There is no getting around the fact that Christ St. John had a really gi-normous chip on her shoulder that effectively kept her distanced from just about everyone at the school where she was the new tennis coach, except the girls she was coaching. There it seemed that she had an inspired connection with them which seems to have been born out of her own experience. She wanted them to have fun, a vital ingredient missing in her own experience growing up with parents who were set on her being a top ten in the world tennis pro. That she never made that ranking served to create a very hefty chasm between her and her parents, even as she was learning to live her own life and fight off the efforts of her parents to draw her back into pro sports and back into a relationship with a man who had used and abused her the entire time they were together.

Brett Wallace was a fine athlete and was esteemed, not only for his past NFL playing prowess but also for his good work with the local football team. That his team garnered most of the resources the school set aside for team sports was an irritant Chris St. John couldn't seem to get her head around, and it was on that initial battle field that she and Brett locked horns. He was prepared to move on but his attraction to her just seemed to grow and in spite of her bad experience with her ex and her determination to stay away from pro athletes, Chris recognized that her attraction to the handsome football coach was out of the ordinary for her and certainly unexpected.
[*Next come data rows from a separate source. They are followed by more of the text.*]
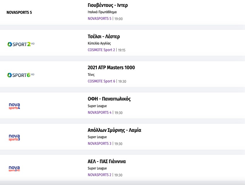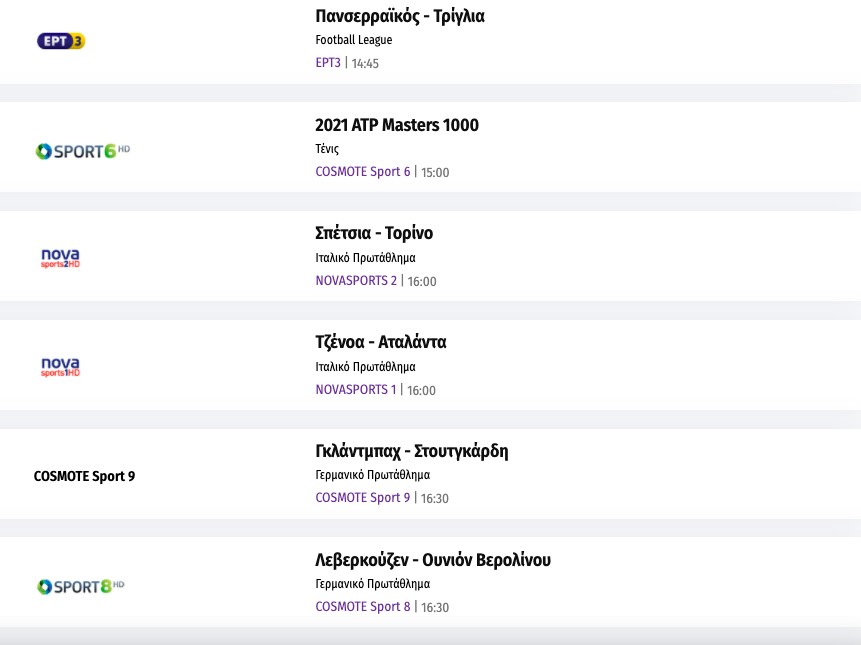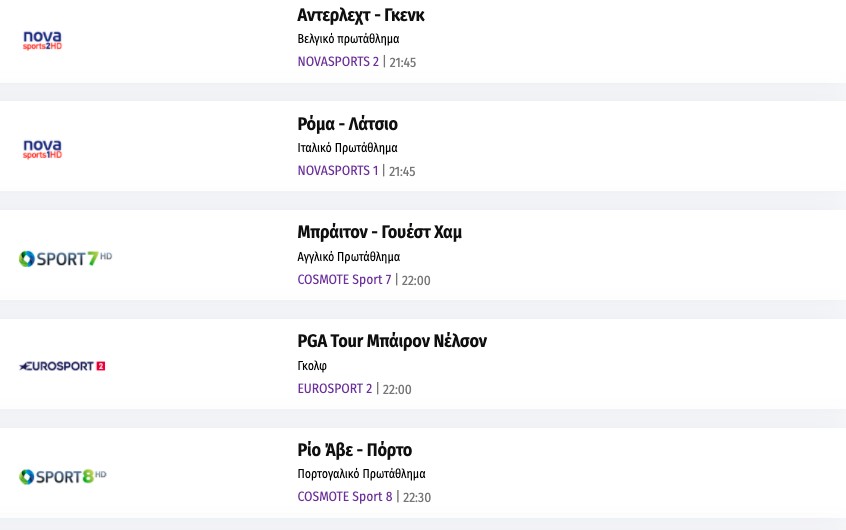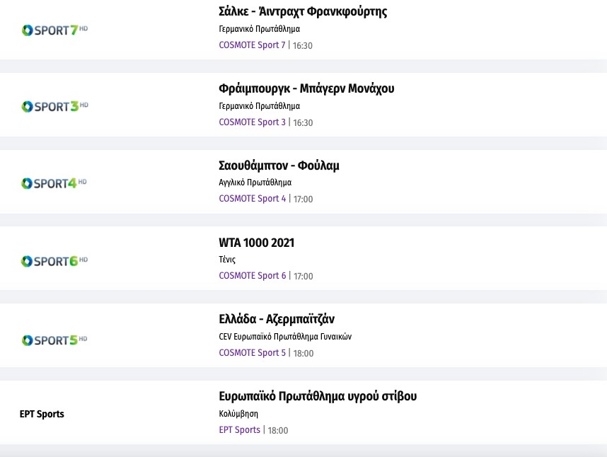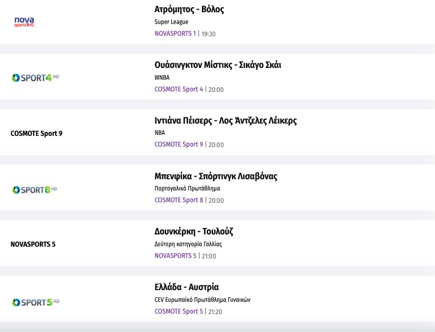Αναλυτικά το σημερινό τηλεοπτικό αθλητικό πρόγραμμα:
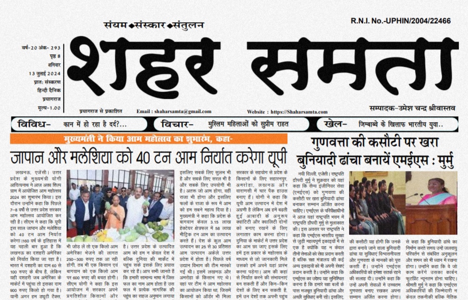 दैनिक E Paper | 13 जुलाई 2024 By shaharsamta - 13 July 2024 0 180 FacebookTwitterPinterestWhatsApp 13-JULY-Shahar-Samta-1Download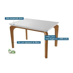Mesa de Sala Jantar Londrina c/ Tampo 120x80cm Madeirado Vidro Canto Curvo - Imbuia/Off White - Rufato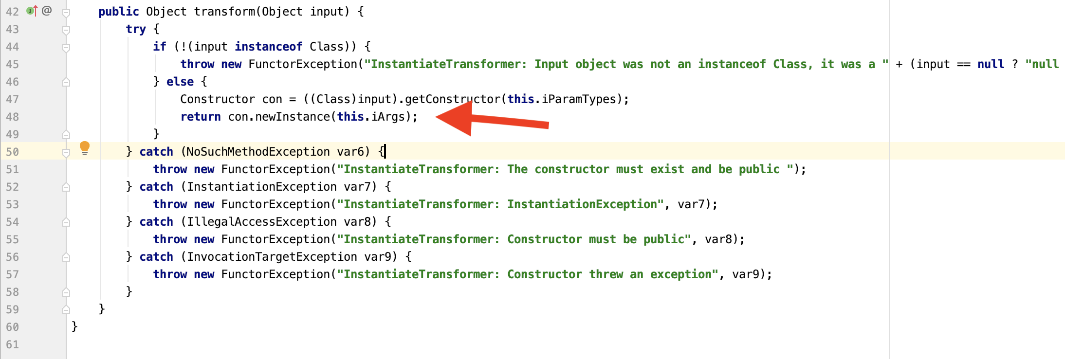 之前的CommonsCollections1使用的是InvokerTransformer的transform,因为该函数实现了反射调用任意类的功能。而CommonsCollection3使用的是新的Transformer类InstantiateTransformer 类。该类有什么作用呢?接下来会对其进行分析。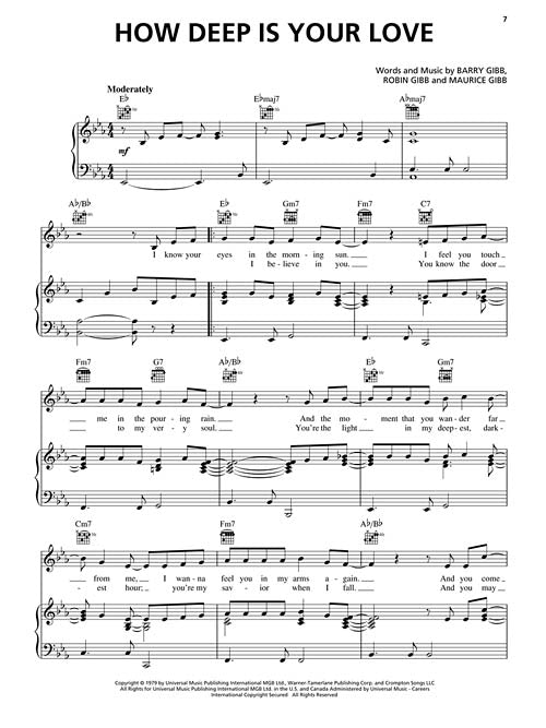 Your favorite sheet music will come to life with the innovative Piano Play-Along series! With these book/CD collections, piano and keyboard players will be able to practice and perform with professional-sounding accompaniments. Containing eight cream-of-the-crop songs each, the books feature new engravings, with a separate vocal staff, plus guitar frames, so players and their friends can sing or strum along. The CDs feature two tracks for each tune: a full performance for listening, and a separate backing track that lets players take the lead on keyboard. The high-quality, sound-alike accompaniments exactly match the printed music. 8 big Bee Gees hits: How Can You Mend a Broken Heart · How Deep Is Your Love · I Started a Joke · Jive Talkin' · Night Fever · Nights on Broadway · Stayin' Alive · You Should Be Dancing.

I think this story highlights the unique "hang-ups" that pro athletes develop because of the extreme attitude of adoration our culture has heaped on them, the maddening frenzy of the sports media, the easy availability of sports "camp followers" who simply want the bragging rights for having had sex with a pro athlete, and the false set of values that living in the lap of luxury and celebrity can manufacture. Both Chris and Brett had their share of wounds that grew out of their involvement with professional sports. For Chris, she became the emotional punching bag and media arm candy for a self-absorbed tennis pro, sacrificing her self-esteem and her career to his ambitions. Brett met and married during his NFL playing days, but his wife's idea of enjoying the fruits of her husband's labors in the fast lane of city living just weren't going to materialize in his little home town. She had not qualms about bidding him adieu and moving on. Both Chris and Brett had to rebuild their lives alone while licking their wounds. This is often more difficult than many realize and to those who have not experienced this, may seem childish and unnecessary. But wounds are wounds, and while it is easy to say: "Get over it and over yourself," in Chris's case, there was more going on in the baggage from the past that she was carrying.
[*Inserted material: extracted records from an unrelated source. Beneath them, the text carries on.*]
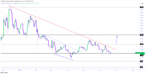 Якщо покупці можуть повернути контроль, Cryptowzrd визначає 16 доларів як наступний критичний опір, а потім більш істотний бар’єр у $19,50. Очищення цих рівнів може сигналізувати, що приплив справді змінився, прокладаючи шлях до більш широкої зміни тенденції, а не короткопродуктивного відскоку.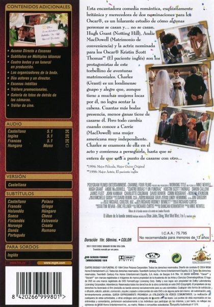 La siguiente boda es la de Carrie, en un castillo en Escocia, a la que por supuesto Charles y todos sus amigos son invitados. Éste ve con desesperación cómo la mujer a la que ama se casa con otro, y todo empeora cuando Gareth, parte del grupo de amigos y secreto compañero sentimental de Matthew, mejor amigo de Charles, muere de un ataque al corazón durante la celebración. Tras el funeral Charles reflexiona sobre lo equivocado que estaba, que siempre había creído que él y sus amigos formaban un grupo de solteros, pero que Gareth y Matthew en realidad eran un matrimonio que habían encontrado el verdadero amor, y cree que algunos como él nunca lo lograrán.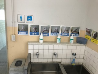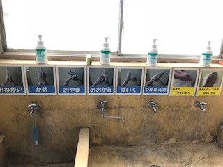 トイレや手洗い場所には、石鹸を置き、手の洗い方をわかりやすく写真で説明しています。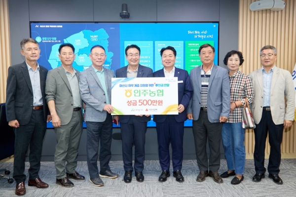 [Ytv영상스토리] 아산시는 9일 인주농협 임직원들이 지역 취약계층을 지원하기 위해 성금 500만원을 기부했다고 밝혔다.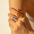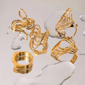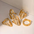 Geometric Jewelry Stainless Steel Ring Girls 18K Gold Plated Thin Lines Hollow Spiral Stacking Rings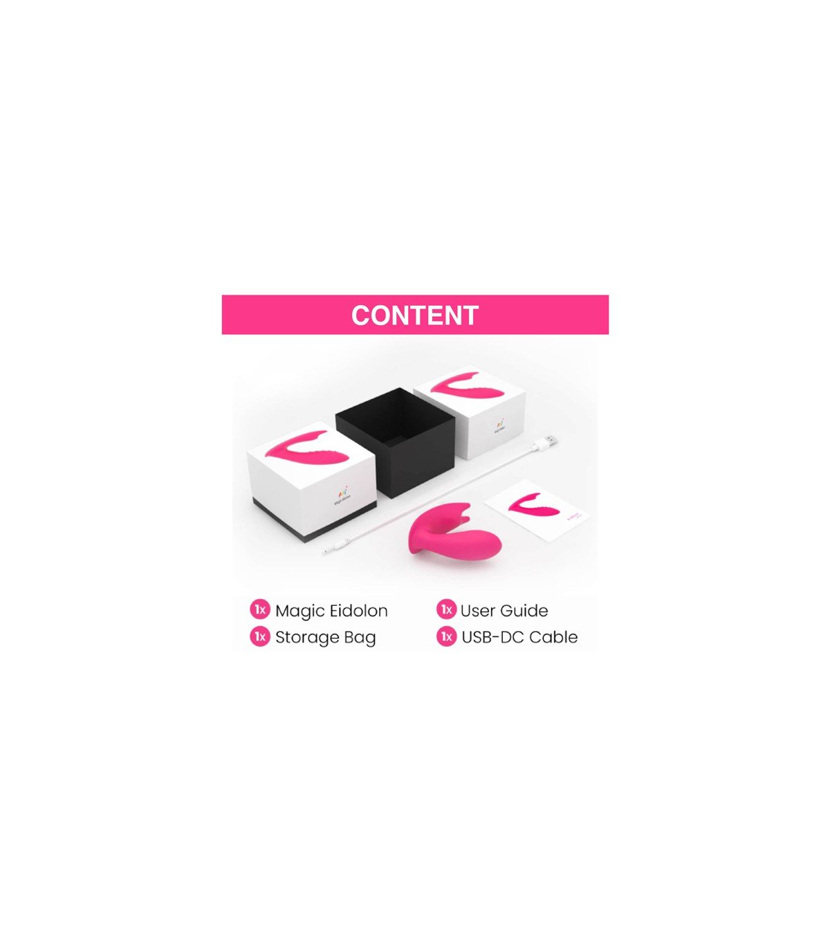Dos motores pueden estimular los puntos C y G por separado o al mismo tiempo. Experimenta diferentes tipos de orgasmo. Magic Eidolon está especialmente diseñado para amantes a los que les gusta aventurarse en sus experiencias amorosas en público y mujeres a las que les gusta que las molesten cuando salen.

That all being said, I was just a little impatient at their inability to communicate honestly regarding their fears and hang-ups, especially when their relationship had reached the level it had by the time the crisis occurs. No one wants to put the cabosh on a good thing, but both had already had experiences that should have taught them that being honest and up front early on can more often than not prevent the kind of misunderstandings that stood to torpedo their relationship. Nevertheless, I enjoyed the story and even though I get tired of adversarial exchanges between the main characters, Brett and Chris didn't drag out their discord to ridiculous lengths and I was very glad about that. I like people to get along, and when authors bring discord into their stories I can understand the reasons most of the time. Often it all just seems so childish. In this case, Chris was a truly damaged woman trying to recoup her sense of self so I gave her a good bit more slack in that department.
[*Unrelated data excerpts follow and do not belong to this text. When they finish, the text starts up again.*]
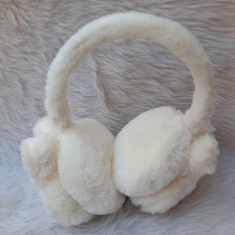 گوش گیر زمستانی بچگانه مدل هدفونی پشمی طرح خرگوش رنگ شیری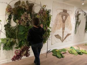Artiste émergente, Andréanne le. Hudon peuple ses immenses tableaux de créatures végétales saisissantes alors que ses assemblages botaniques et ses feuilles d’herbier intiment au regard de s’approcher de la nature où la peintre s’abreuve, méditative.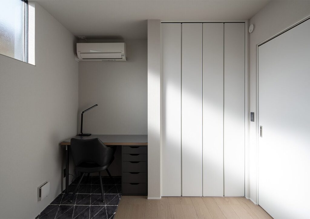 壁とクロゼットの間の凹みを活かし、デスクをぴったりと組み込んだ洋室。デスクを造作のように収めることで空間にゆとりが生まれ、部屋を広く使えるよう工夫。将来は子ども部屋としての利用を想定している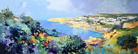 Coastal Canvas - Dit abstracte schilderij toont een kleurrijk, levendig landschap van Malta met een visuele speeltuin van blauwe wateren en bontgekleurde flora.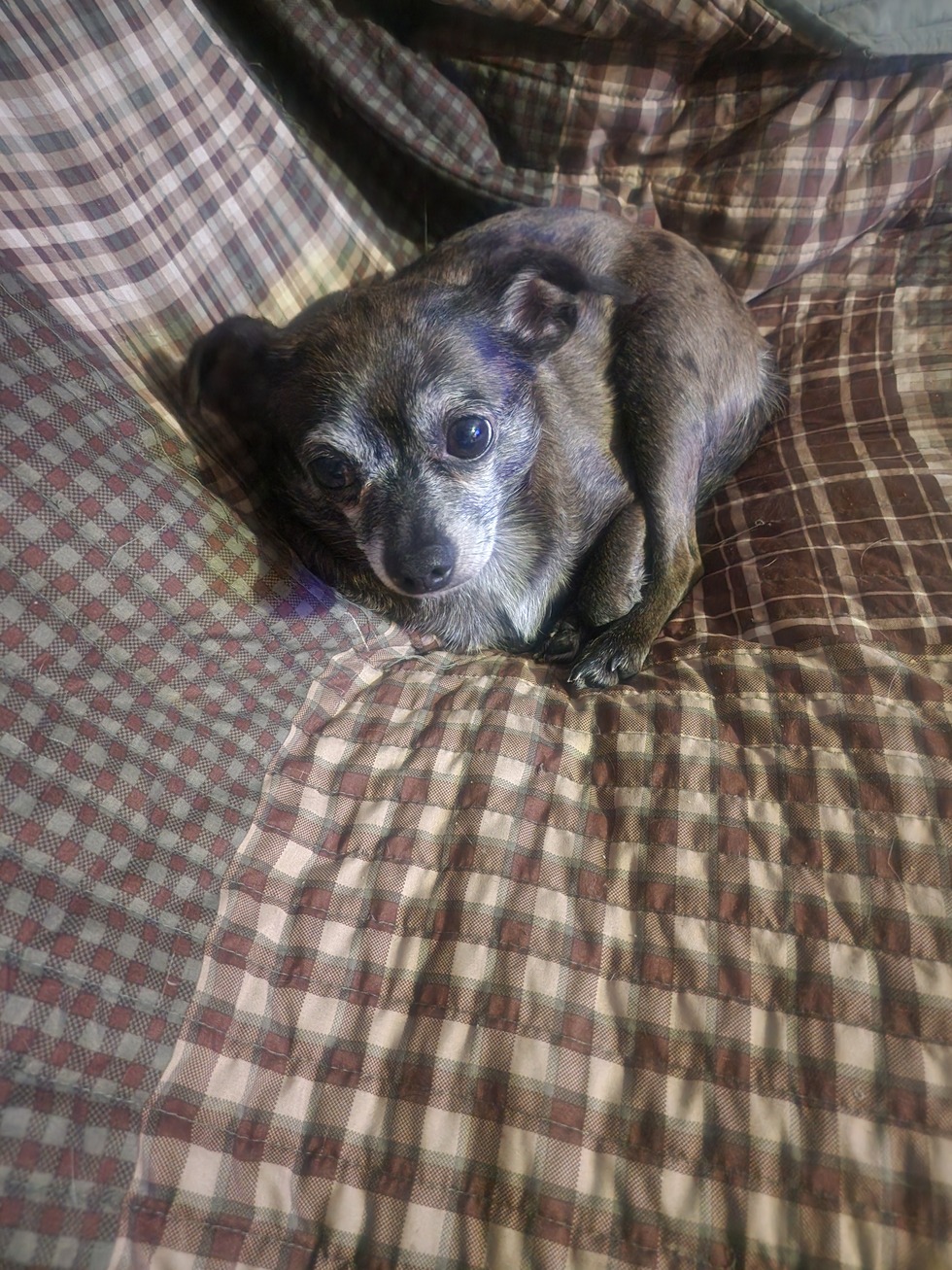 This is Lilly she was found out in the woods lucky people found her and took her to humane society where I adopted her when no one claimed her. She was so scared and cold and took a little bit to warm up to us now she's spoiled and put on weight . They really didnt know her age so guess around 4 or 5.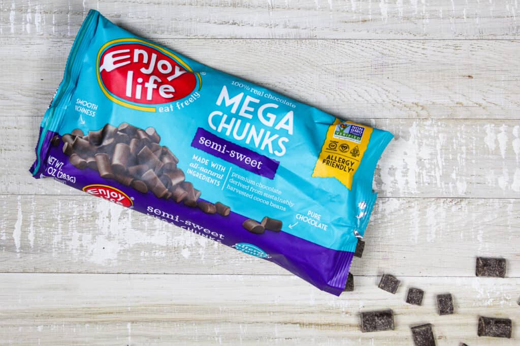 - 巧克力脆片- 用素食巧克力片或巧克力块,不含乳制品!你可以在大多数杂货店的烘焙区找到它们。我通常使用享受生活品牌。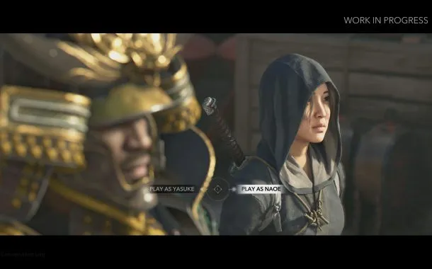 در تریلری که منتشر شده ما شاهد یک قلعه به نام Fukuchiyama هستیم. در این قلعه دو کرکتر اصلی یعنی نائوئه (Naoe) و یاسوکه (Yasuke) در حال یافتن یک دشمن هستند. این تریلر نشان میدهد که ارتباط میان دو کرکتر اصلی چگونه است و این دو شخصیت یکدیگر را به چه حالت کامل میکنند. هر دو کرکتر ویژگی خاص خود را برای مبارزه داشته که آن را برای سبک خاصی از بازی مناسب میکند. با پیشرفت در بای کاربران میتوانند به صورت کاملاً آزادانه میان این دو کرکتر جابجا شده و از ویژگیهای خاص هر کدام در مراحل خاص استفاده کنند.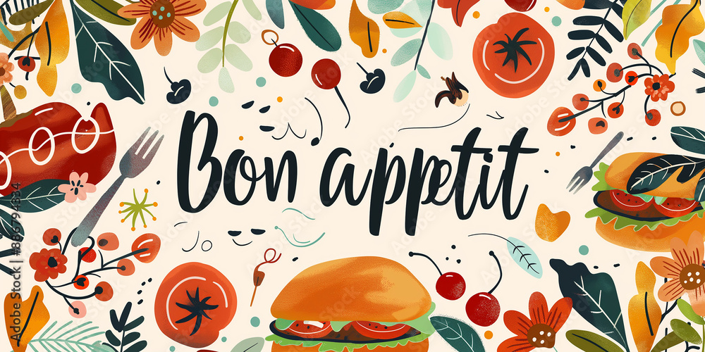 Bon appetit hand lettering surrounded by food and flowers illustration #886794334
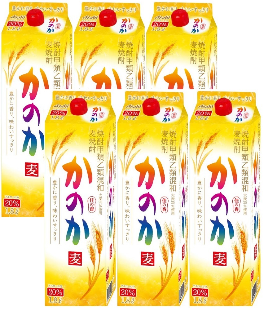 ギフト プレゼント お歳暮 クリスマス かのか 麦 パック 20°1800ml 6本 麦焼酎 アサヒビール 甲乙混和 焼酎

This is a very readable and enjoyable romance novel and another offering by Carina Press. I found it kept my interest and the narrative moved me steadily through the story. I have not previously read any other writing by this author, but after reading this novel am going to look for additional titles to read in the future. If you like a good love story with some professional sports thrown in, then you will like this novel. I give it a rating of 4 out of 5.

This novel will be released by Carina Press on 29 August 2011.